Según lo establecido en el RD 390/2021, solo los técnicos competentes con titulación académica habilitante pueden suscribir un certificado de eficiencia energética. Esto incluye a arquitectos, arquitectos técnicos, aparejadores e ingenieros de diversas ramas. Para un inmueble en Trigueros del Valle, es vital que el técnico esté colegiado y cuente con un seguro de responsabilidad civil vigente. El profesional tiene la obligación de realizar una inspección al inmueble presencial, donde tomará medidas de las estancias, analizará la envolvente térmica (muros y ventanas) y revisará las instalaciones de calefacción y agua caliente sanitaria. No confíe en ofertas que omitan la visita física, ya que invalidarían el certificado y podrían acarrear sanciones administrativas graves tanto para el técnico como para el propietario.
El parque de viviendas de Trigueros del Valle, compuesto por unas 371 unidades, presenta una tipología predominantemente rural y unifamiliar. Gran parte de las construcciones situadas en el casco histórico son anteriores a la normativa de aislamiento de 1979 (NBE-CT-79), lo que suele derivar en calificaciones energéticas situadas entre las letras E y G. Estos inmuebles suelen presentar muros de piedra o ladrillo sin cámara de aire y ventanas de madera o aluminio sencillo. Por el contrario, las rehabilitaciones recientes o viviendas construidas bajo el Código Técnico de la Edificación de 2007 suelen alcanzar niveles D o C. Para mejorar la letra en esta zona climática D3, las intervenciones más efectivas son la instalación de sistemas de aerotermia o calderas de biomasa, junto con el trasdosado de muros exteriores y la sustitución de carpinterías por vidrios bajo emisivos con rotura de puente térmico.
El marco legal que regula el certificado energético Trigueros del Valle es el Real Decreto 390/2021 a nivel estatal y el Decreto 57/2017 a nivel autonómico en Castilla y León. La gestión administrativa recae sobre el Registro de Certificados de Eficiencia Energética de Castilla y León, dependiente del EREN (Ente Regional de la Energía). Una vez que el técnico registra telemáticamente el certificado, la administración valida el proceso y otorga la etiqueta energética oficial, que tiene una validez de 10 años (excepto si la calificación es G, en cuyo caso la validez máxima es de 5 años).

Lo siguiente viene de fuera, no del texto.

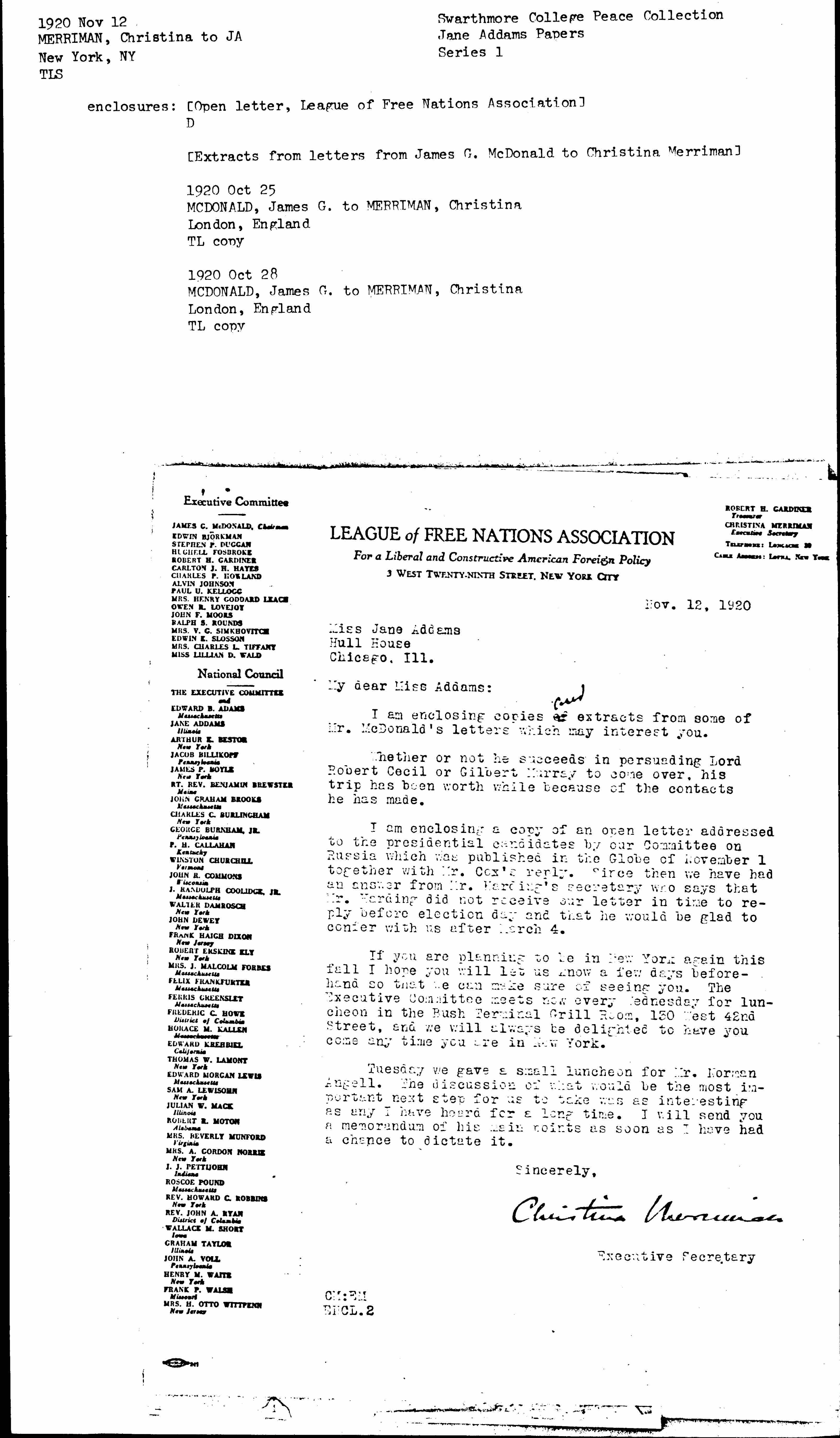 I am enclosing a copy of an open letter addressed to the presidential candidates by our Committee on Russia which was published in the Globe of November 1 together with Mr. Cox's reply. Since then we have had an answer from Mr. Harding's secretary who says that Mr. Harding did not receive our letter in time to reply before election day and that he would be glad to confer with us after March 4.

Es obligatorio incluir la etiqueta energética en cualquier anuncio publicitario de venta o alquiler, citando la fuente oficial del Ministerio para la Transición Ecológica y el Reto Demográfico para asegurar la transparencia hacia el consumidor final.
Incumplir la normativa de eficiencia energética puede acarrear sanciones económicas considerables según la Ley 8/2013 de rehabilitación, regeneración y renovación urbanas. En Trigueros del Valle, las infracciones se dividen en:
- Leves (300€ a 600€): Anunciar la venta o alquiler sin mencionar la calificación energética o no renovar un certificado caducado.
- Graves (601€ a 1.000€): Vender o alquilar el inmueble sin entregar el certificado en vigor al comprador o arrendatario.
- Muy graves (1.001€ a 6.000€): Falsear la información del certificado o actuar como técnico sin tener la titulación requerida.
Además de la multa, el contrato de compraventa o alquiler podría ser impugnado por el receptor de la propiedad al carecer de una documentación obligatoria por ley, lo que genera una inseguridad jurídica innecesaria para el propietario vendedor.
Además del certificado de eficiencia energética, los propietarios en Trigueros del Valle pueden requerir otros documentos técnicos según la antigüedad de su vivienda. Si el edificio tiene más de 40 años, es probable que deba someterse a la ITE (Inspección Técnica de Edificios) o al IEE (Informe de Evaluación de Edificios), trámites que también requieren la intervención de un técnico colegiado. Realizar estos estudios de forma conjunta no solo garantiza la seguridad estructural y la accesibilidad, sino que permite optimizar los costes de desplazamiento del técnico. Estos trámites son esenciales para acceder a subvenciones de rehabilitación energética de los fondos Next Generation en la provincia de Valladolid.